06.14.2019
By Rob Daly

Technology Levels Buy-Side Playing Field

As the price of technology and associated tools has come down over the past decade, small and medium-sized asset managers can start competing against tier-one rivals on a more level playing field, according to Bramshill Investments CEO Stephen Selver.

Since its founding seven years ago, the alternative long-only fixed income firm has gone from using a simple moving average strategy with $150 million AUM to a firm with $2.5 billion AUM and its own 40 Act fund, two hedge funds, and a UCITS.

“We execute with more than 30 counterparties regularly, and deal with more than eight custodians,” he said during his keynote at The Summit for Asset Management in Brooklyn. “This would be impossible without the technology that we have been able to leverage.”

To grow small and medium-sized firms, they need to implement enabling technologies whether the staff buys into it or not, and they must use it every day, according to Selver.

When Bramshill implemented Bloomberg Asset and Investment Manager platform in 2016, the investment managers were not used to it at first.

“If you know as an organization that it is the right thing to do, then you have to force people to use it,” he said. “Eventually, everyone falls in line.”

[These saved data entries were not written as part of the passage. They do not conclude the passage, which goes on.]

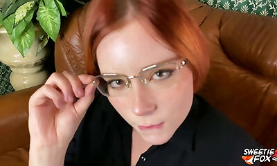 Pretty blondie nubile gives head to the ugly older man in glasses
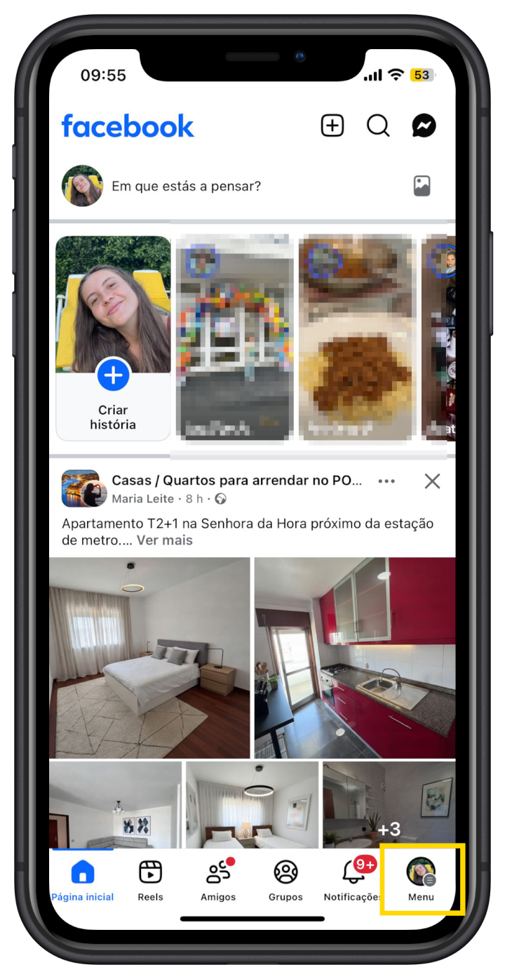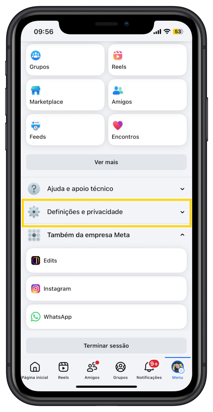 - Abrir a app do Facebook no smartphone;
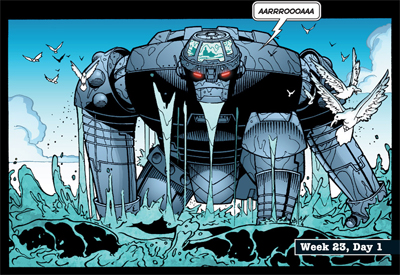 One plot thread (written by Grant Morrison) features the delightful image of DC’s mad scientists sequestered away on a desert island sipping cocktails and passive-aggressively sniping at one another. This is a prison/resort where the Thanksgiving dinner is carved with a chainsaw. It’s beautiful absurdity, and 52 seems to relish that approach to comics. At one point, Mercury – one of the Metal Men – invites his creator to stop being so serious about everything. “Hell, Doc, why don’t you just reanimate Platinum right now and we’ll all go fight weird science monsters like we used to!”

Following this strategy, the asset manager has developed and deployed an institutional quality portfolio reporting environment that provides institutional clients with monthly reports showing their investment’s market value, price, quaintly, reconciliation, and other portfolio metrics.

One area in which smaller and medium-sized tech-friendly asset managers may find an advantage over marquee names like BlackRock, Fidelity, or an Oaktree Capital is in regards to electronic marketing, said Selver.

Bramshill implemented Hubspot initially as its CRM platform but has grown its use of the platform to manage its electronic marketing footprint. The system lets the asset manager track whether an investor has opened an e-mail or an attachment from the firm, visited the company’s website, or checked out the asset manager’s website, LinkedIn profile, or Twitter feed.

“If you are interacting with the same client, you can find out, and you are not wasting time,” he said. “That is the most important part. Since you do not have a lot of people, you do not want to waste their time.”

Another piece of Selver’s advice was to hire youth over experience as young people tend to embrace technology better.

The firm hired one employee right out of college who could not tell a stock from a bond on her first day.

“Two years later, she runs electronic marketing in our firm,” he said. “I would put her up against anyone in that field in our industry.”